(DATA FOR THIS EXERCISE)
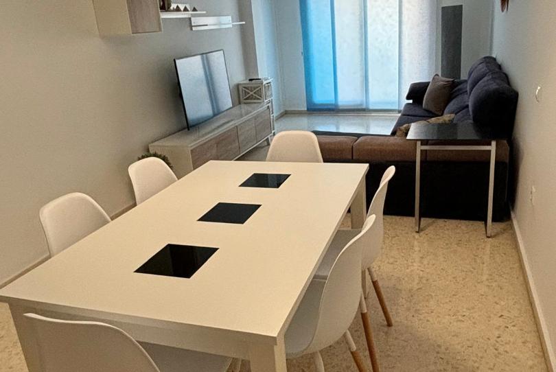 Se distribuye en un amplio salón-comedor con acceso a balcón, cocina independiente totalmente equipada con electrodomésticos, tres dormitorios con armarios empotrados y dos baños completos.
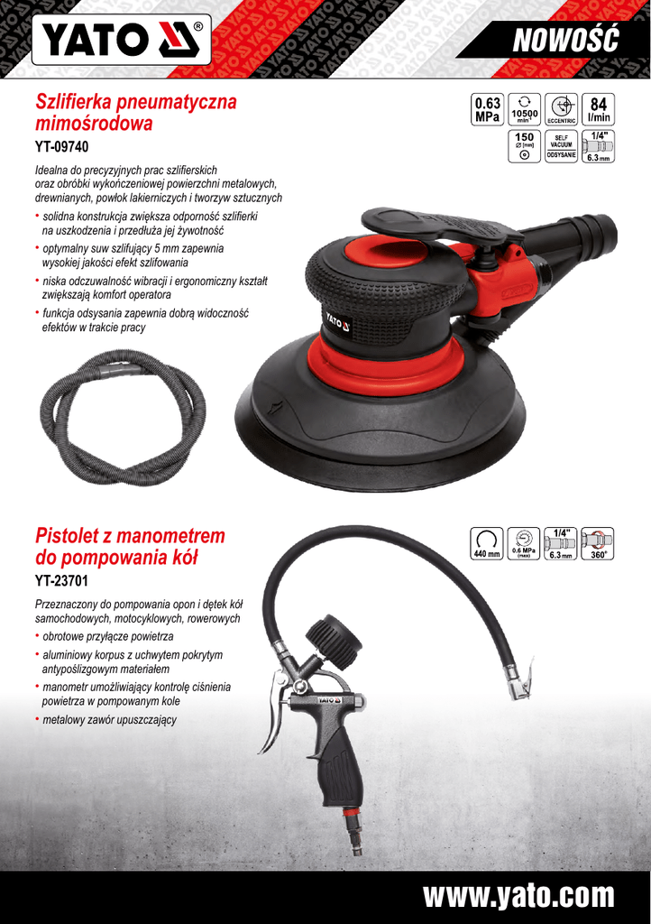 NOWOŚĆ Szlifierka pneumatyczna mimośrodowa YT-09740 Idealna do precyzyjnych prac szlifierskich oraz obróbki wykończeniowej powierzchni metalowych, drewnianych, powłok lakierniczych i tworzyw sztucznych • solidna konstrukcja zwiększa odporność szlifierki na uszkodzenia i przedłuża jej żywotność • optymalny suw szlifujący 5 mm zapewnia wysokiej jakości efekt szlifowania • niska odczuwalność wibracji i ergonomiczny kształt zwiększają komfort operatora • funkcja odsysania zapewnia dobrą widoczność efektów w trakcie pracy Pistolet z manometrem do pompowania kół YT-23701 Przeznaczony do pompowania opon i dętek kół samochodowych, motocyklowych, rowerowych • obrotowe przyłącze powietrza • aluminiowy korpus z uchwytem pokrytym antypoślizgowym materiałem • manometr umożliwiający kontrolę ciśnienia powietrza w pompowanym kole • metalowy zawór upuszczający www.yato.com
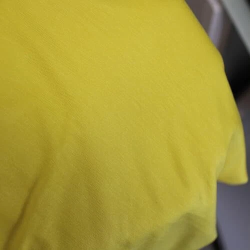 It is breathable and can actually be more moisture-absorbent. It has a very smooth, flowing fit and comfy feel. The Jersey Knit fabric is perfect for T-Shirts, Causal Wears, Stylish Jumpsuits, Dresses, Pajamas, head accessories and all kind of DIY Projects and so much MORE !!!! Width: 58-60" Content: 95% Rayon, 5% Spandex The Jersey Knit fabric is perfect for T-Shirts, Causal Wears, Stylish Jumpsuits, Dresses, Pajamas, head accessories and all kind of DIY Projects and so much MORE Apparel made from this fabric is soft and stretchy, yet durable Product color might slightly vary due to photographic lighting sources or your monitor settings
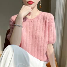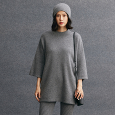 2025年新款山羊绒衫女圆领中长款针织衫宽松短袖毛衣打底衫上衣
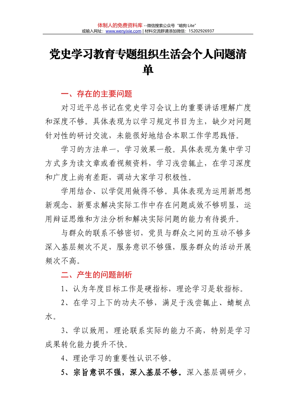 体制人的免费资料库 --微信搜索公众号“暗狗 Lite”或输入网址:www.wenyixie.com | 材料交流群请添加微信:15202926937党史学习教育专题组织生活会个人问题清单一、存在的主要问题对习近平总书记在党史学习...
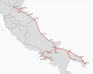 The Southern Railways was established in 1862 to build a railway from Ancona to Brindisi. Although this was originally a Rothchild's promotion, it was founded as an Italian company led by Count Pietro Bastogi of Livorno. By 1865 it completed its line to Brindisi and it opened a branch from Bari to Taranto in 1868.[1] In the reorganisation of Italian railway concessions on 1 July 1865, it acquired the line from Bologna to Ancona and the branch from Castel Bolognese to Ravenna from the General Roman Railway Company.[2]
(End DATA FOR THIS EXERCISE)
→ TASK
Every line from the one containing "2025年新款山羊绒衫女圆领中长款针织衫宽松短袖毛衣打底衫上衣" to the last line of the material must be returned exactly. Leave out any pictures.

→ SOLUTION TO THIS TASK
 2025年新款山羊绒衫女圆领中长款针织衫宽松短袖毛衣打底衫上衣
 体制人的免费资料库 --微信搜索公众号“暗狗 Lite”或输入网址:www.wenyixie.com | 材料交流群请添加微信:15202926937党史学习教育专题组织生活会个人问题清单一、存在的主要问题对习近平总书记在党史学习...
 The Southern Railways was established in 1862 to build a railway from Ancona to Brindisi. Although this was originally a Rothchild's promotion, it was founded as an Italian company led by Count Pietro Bastogi of Livorno. By 1865 it completed its line to Brindisi and it opened a branch from Bari to Taranto in 1868.[1] In the reorganisation of Italian railway concessions on 1 July 1865, it acquired the line from Bologna to Ancona and the branch from Castel Bolognese to Ravenna from the General Roman Railway Company.[2]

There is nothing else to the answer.